Exercise goal: Could you give back exactly the lines below from the one with "Утолщенный чековый бланк, по" through the one with "通过手机微信扫一扫下图1、图", without a single picture?

*** Data supplied ***

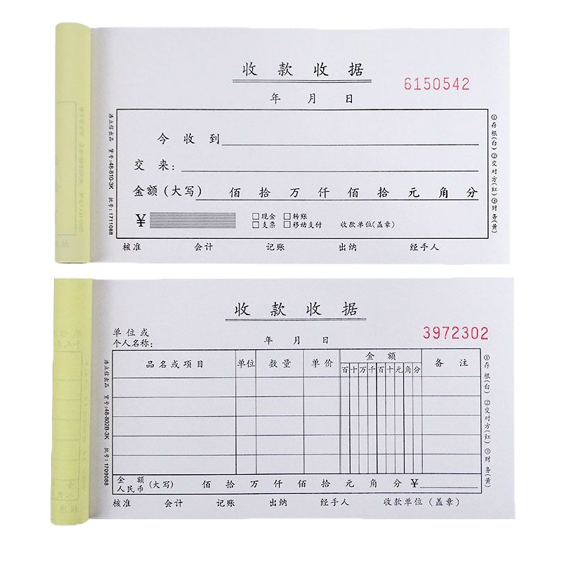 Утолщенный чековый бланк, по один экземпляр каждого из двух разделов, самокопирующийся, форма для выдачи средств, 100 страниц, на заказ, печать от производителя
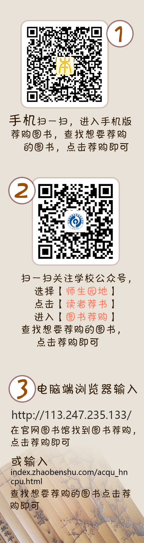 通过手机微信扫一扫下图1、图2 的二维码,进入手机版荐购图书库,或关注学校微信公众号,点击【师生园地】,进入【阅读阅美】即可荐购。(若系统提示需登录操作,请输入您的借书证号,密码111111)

***
*** Data supplied ***

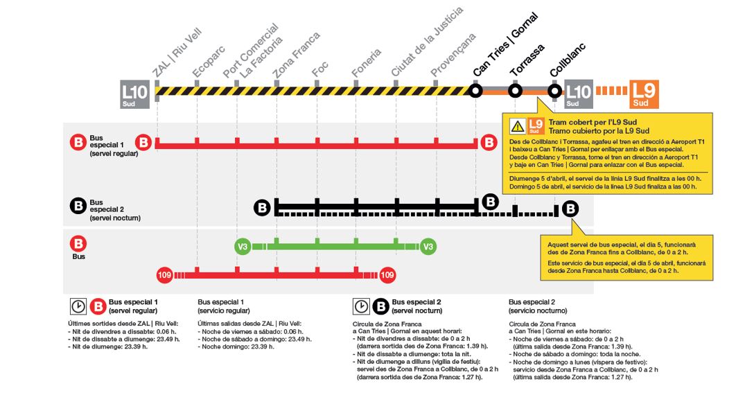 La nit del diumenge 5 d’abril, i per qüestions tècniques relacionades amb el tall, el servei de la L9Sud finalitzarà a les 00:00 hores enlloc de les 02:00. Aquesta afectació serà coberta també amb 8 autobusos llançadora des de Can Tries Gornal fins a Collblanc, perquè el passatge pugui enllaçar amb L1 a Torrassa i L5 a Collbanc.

***

Written response:
 Утолщенный чековый бланк, по один экземпляр каждого из двух разделов, самокопирующийся, форма для выдачи средств, 100 страниц, на заказ, печать от производителя
 通过手机微信扫一扫下图1、图2 的二维码,进入手机版荐购图书库,或关注学校微信公众号,点击【师生园地】,进入【阅读阅美】即可荐购。(若系统提示需登录操作,请输入您的借书证号,密码111111)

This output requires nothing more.